Julie reluctantly accompanies Eric to a father-daughter dance, intending to dance only once with him due to his plans in moving out. Before the dance, Eric tells her that while she cannot influence his decision, he admits she deserves more respect and independence. Julie then states that while she moved through her life, Dillon felt like her actual home for the first time. At Buddy's dealership, Lyla rams some of his cars before crashing her car through the offices. The following morning, Tim apologizes to Jackie, who kisses him back. Eric tells Tami and Julie that he informed TMU that he needed time to decide on the offer.

==Production==
===Development===
In March 2007, NBC announced that the nineteenth episode of the season would be titled "Ch-Ch-Ch-Ch-Changes". The episode was written by executive producer Jason Katims, and directed by co-executive producer Jeffrey Reiner. This was Katims' third writing credit, and Reiner's sixth directing credit.

==Reception==
===Viewers===
In its original American broadcast, "Ch-Ch-Ch-Ch-Changes" was seen by an estimated 5.39 million household viewers with a 1.9 in the 18–49 demographics. This means that 1.9 percent of all households with televisions watched the episode. It finished 67th out of 97 programs airing from March 19–25, 2007. This was a 6% increase in viewership from the previous episode, which was watched by an estimated 5.07 million household viewers with a 1.8 in the 18–49 demographics.

===Critical reviews===
"Ch-Ch-Ch-Ch-Changes" received extremely positive reviews from critics. Eric Goldman of IGN gave the episode a "great" 8.7 out of 10 and wrote, "What makes Friday Night Lights work so well is that the characters are so well formed, that even when you can see a storyline coming, it feels earned and inevitable, because we understand so much why it's occurring."
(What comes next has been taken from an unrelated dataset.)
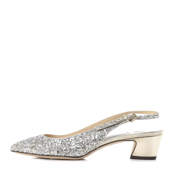Jimmy Choo Slingback Pointed Toe Glitter Shoes Champagne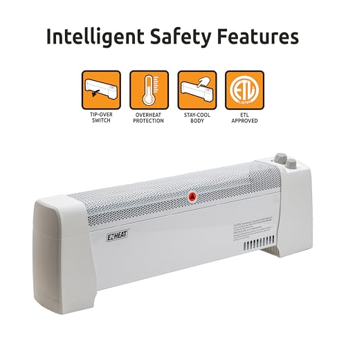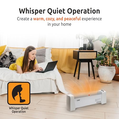 The 1500 Watt convection baseboard heater is an efficient and versatile heating solution ideal for medium-sized rooms. With adjustable thermostat settings and two heat options, it enables tailored comfort. Safety features like a tip-over switch and overheat protection ensure peace of mind. Its whisper-quiet operation makes it perfect for any setting, allowing you to enjoy warmth without distractions. Additionally, this cost-efficient heater focuses on localized heating, helping manage energy costs effectively. Overall, it combines safety, performance, and affordability, making it an excellent choice for your heating needs.

Sonia Saraiya of The A.V. Club gave the episode a "B" grade and wrote, "Generally, Friday Night Lights gets the family dynamics of the Taylors down perfectly, and this episode is rich with moments that are both hilarious and tragic, like the show itself. Their interactions with Buddy and with the Collettes underscore how functional and happy and loving they are, even when they’re fighting."

Alan Sepinwall wrote, "while this one wasn't quite as epic, it was another beautiful Taylor family tale. Kyle Chandler's specialty has been the hard-ass, sarcastic side of Coach, and he got to show a compellingly softer side here, especially in the scene where Tami suggests that Julie is really in love with Matt... about three seconds before Julie walks in looking extremely grown-up, and it finally hits him that his daughter is becoming a woman worthy of more respect and consideration." Leah Friedman of TV Guide wrote, "I'm more worried, though, about what's going to happen with Buddy. His 'To tell you the truth, Lyla, I've got no reason to live without my family,' was not encouraging, and as truly obnoxious as his character has been in the past, the writers have done an admirable job of fleshing him out to be someone that we must sympathize with."

Brett Love of TV Squad wrote, "It wasn't a huge installment of our story, but there was a lot of good stuff to be had in there. It sets the stage nicely for the final three episodes that will decide the fate of the Panthers, and the show." Television Without Pity gave the episode a "B+" grade.